Take the listing below and print exactly the lines starting at the line containing "적극 나서기로 했다." and ending at the line containing "While the Sunset", both ends included, and no others.

=====

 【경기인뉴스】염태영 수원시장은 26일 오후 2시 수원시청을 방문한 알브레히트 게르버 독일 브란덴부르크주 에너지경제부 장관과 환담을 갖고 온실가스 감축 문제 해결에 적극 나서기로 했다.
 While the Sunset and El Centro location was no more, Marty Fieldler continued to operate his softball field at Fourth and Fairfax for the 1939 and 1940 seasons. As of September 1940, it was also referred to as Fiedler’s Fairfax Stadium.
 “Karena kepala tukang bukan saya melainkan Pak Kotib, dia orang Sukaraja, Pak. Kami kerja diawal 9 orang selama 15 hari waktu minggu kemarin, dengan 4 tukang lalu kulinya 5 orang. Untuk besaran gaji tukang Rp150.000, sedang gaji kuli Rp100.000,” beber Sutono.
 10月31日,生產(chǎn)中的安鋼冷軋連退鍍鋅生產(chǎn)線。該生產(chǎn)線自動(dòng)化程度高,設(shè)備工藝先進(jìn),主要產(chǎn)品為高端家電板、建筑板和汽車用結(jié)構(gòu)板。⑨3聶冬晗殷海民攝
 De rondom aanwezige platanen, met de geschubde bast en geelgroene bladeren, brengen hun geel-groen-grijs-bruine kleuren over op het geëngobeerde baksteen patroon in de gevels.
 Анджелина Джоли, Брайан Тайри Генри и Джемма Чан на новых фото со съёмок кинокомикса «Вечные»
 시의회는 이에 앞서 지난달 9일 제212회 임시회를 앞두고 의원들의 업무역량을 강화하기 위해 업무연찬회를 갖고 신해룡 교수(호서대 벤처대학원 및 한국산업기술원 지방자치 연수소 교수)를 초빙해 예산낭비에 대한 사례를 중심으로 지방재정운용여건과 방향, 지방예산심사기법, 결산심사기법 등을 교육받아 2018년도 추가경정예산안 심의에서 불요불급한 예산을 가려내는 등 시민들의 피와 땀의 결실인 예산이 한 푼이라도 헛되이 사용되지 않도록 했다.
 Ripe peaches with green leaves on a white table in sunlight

=====

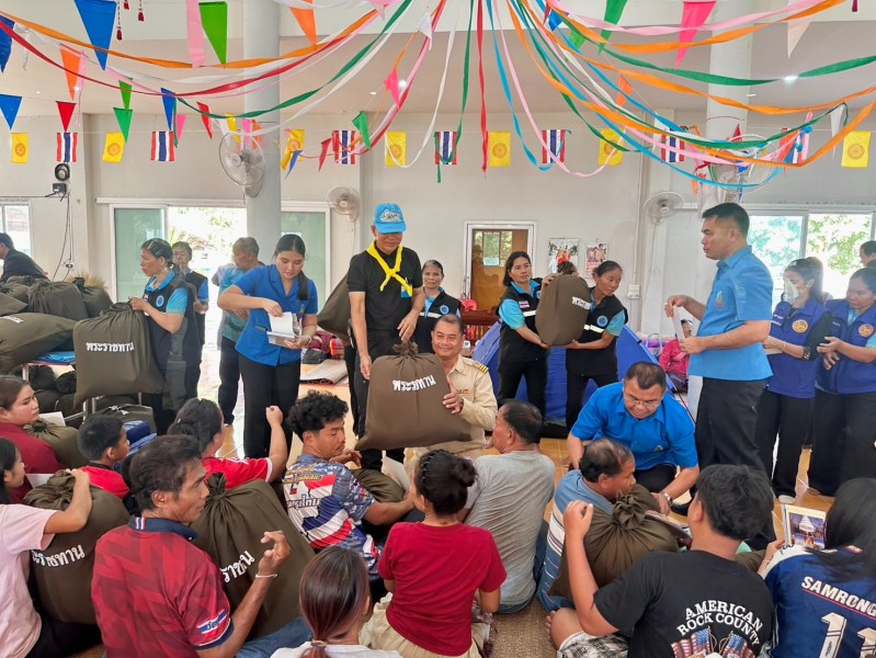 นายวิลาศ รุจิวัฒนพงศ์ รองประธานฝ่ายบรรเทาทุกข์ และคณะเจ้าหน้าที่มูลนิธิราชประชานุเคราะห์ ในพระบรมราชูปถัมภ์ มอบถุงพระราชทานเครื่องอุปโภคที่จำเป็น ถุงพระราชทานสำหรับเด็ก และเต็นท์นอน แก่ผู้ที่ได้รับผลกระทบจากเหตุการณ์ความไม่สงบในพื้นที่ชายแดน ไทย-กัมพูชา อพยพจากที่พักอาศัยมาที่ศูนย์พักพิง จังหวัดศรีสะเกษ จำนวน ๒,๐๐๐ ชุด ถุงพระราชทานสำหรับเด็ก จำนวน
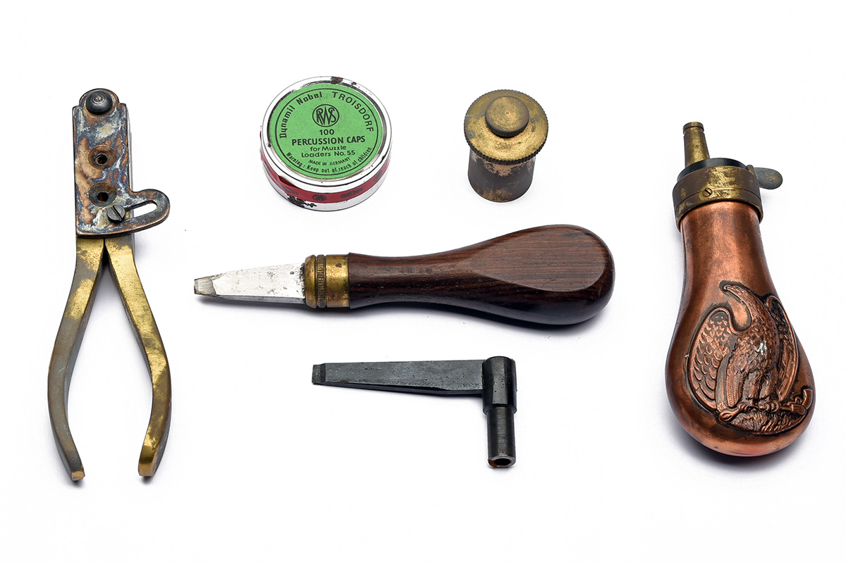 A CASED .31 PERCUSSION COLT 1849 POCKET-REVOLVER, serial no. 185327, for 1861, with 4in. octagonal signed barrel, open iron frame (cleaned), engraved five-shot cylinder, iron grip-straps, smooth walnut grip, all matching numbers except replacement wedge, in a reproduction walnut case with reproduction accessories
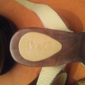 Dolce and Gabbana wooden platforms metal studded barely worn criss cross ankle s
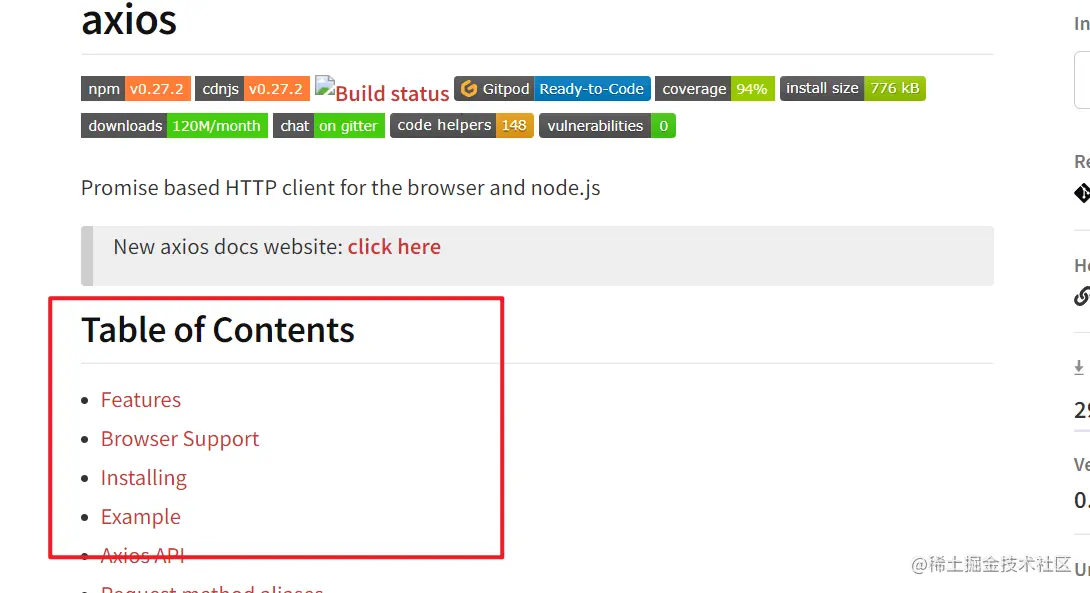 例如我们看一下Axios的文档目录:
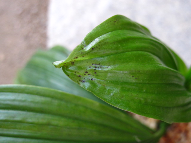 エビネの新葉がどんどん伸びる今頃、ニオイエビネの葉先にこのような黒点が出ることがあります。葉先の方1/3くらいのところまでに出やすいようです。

=====

SOLUTION TO THIS PROBLEM:
 【경기인뉴스】염태영 수원시장은 26일 오후 2시 수원시청을 방문한 알브레히트 게르버 독일 브란덴부르크주 에너지경제부 장관과 환담을 갖고 온실가스 감축 문제 해결에 적극 나서기로 했다.
 While the Sunset and El Centro location was no more, Marty Fieldler continued to operate his softball field at Fourth and Fairfax for the 1939 and 1940 seasons. As of September 1940, it was also referred to as Fiedler’s Fairfax Stadium.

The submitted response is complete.